1. An entity state identification method based on multi-mode time sequence fusion is characterized by comprising the following steps: Acquiring a description text of a target entity and numerical state index time sequence data of the target entity; encoding the description text of the target entity by using a pre-training language model to generate a text semantic feature vector; Splicing the text semantic feature vector with the numerical state index time sequence data to obtain a multi-mode time sequence feature sequence; Inputting the multi-mode time sequence feature sequence into a time sequence convolution network, and carrying out gating attention fusion on time sequence fusion features output by the time sequence convolution network and the text semantic feature vector to generate a comprehensive state feature vector; and outputting the state grade classification and state trend prediction result of the target entity based on the comprehensive state feature vector.

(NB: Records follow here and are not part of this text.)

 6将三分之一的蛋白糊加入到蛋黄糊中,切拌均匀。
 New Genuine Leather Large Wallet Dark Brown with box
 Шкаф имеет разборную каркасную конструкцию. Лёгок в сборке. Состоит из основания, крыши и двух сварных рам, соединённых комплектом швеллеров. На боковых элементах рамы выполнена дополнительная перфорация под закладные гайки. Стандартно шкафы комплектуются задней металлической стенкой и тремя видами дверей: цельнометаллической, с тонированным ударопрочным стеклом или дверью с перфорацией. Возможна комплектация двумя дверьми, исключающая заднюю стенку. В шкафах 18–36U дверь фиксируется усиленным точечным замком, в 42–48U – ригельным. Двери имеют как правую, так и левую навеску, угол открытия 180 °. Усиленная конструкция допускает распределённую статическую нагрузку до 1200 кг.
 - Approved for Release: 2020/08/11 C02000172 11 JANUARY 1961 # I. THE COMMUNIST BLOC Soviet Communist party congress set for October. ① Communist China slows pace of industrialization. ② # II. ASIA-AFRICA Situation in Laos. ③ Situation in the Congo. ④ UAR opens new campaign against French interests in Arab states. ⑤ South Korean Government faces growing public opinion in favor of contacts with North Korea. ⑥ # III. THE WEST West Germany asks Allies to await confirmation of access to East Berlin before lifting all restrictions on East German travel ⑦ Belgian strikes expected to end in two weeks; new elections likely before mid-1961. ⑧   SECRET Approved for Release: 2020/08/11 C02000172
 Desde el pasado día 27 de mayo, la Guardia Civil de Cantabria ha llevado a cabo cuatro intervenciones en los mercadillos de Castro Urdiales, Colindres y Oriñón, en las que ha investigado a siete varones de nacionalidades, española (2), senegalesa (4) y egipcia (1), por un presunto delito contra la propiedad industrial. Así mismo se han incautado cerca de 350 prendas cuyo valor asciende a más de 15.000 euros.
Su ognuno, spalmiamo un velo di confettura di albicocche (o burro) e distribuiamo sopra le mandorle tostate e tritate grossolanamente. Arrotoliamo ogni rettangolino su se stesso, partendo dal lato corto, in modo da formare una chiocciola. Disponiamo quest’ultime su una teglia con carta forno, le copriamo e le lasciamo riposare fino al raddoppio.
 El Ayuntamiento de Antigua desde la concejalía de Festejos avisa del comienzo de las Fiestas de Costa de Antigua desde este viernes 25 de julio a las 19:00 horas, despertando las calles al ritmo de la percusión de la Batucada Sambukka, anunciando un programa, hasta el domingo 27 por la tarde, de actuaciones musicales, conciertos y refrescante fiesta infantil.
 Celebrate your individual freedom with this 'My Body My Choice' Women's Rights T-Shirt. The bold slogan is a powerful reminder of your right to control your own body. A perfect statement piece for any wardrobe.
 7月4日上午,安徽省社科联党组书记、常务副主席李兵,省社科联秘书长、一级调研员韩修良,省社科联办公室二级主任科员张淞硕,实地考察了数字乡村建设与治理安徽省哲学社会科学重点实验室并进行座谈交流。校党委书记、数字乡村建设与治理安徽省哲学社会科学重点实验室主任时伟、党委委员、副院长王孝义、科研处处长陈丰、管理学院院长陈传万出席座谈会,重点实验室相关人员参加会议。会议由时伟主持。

2. The method for identifying the entity state based on multi-modal time sequence fusion according to claim 1, wherein the time sequence convolution network comprises at least two parallel branches adopting different expansion coefficient combinations, and the time sequence fusion characteristics of the time sequence convolution network output comprise the time sequence fusion characteristics of the output of each parallel branch.
3. The method for identifying entity states based on multi-modal temporal fusion according to claim 2, wherein the temporal convolution network comprises a first branch and a second branch, wherein the geometric mean of the expansion coefficients of the first branch is greater than the geometric mean of the expansion coefficients of the second branch by more than a preset multiple.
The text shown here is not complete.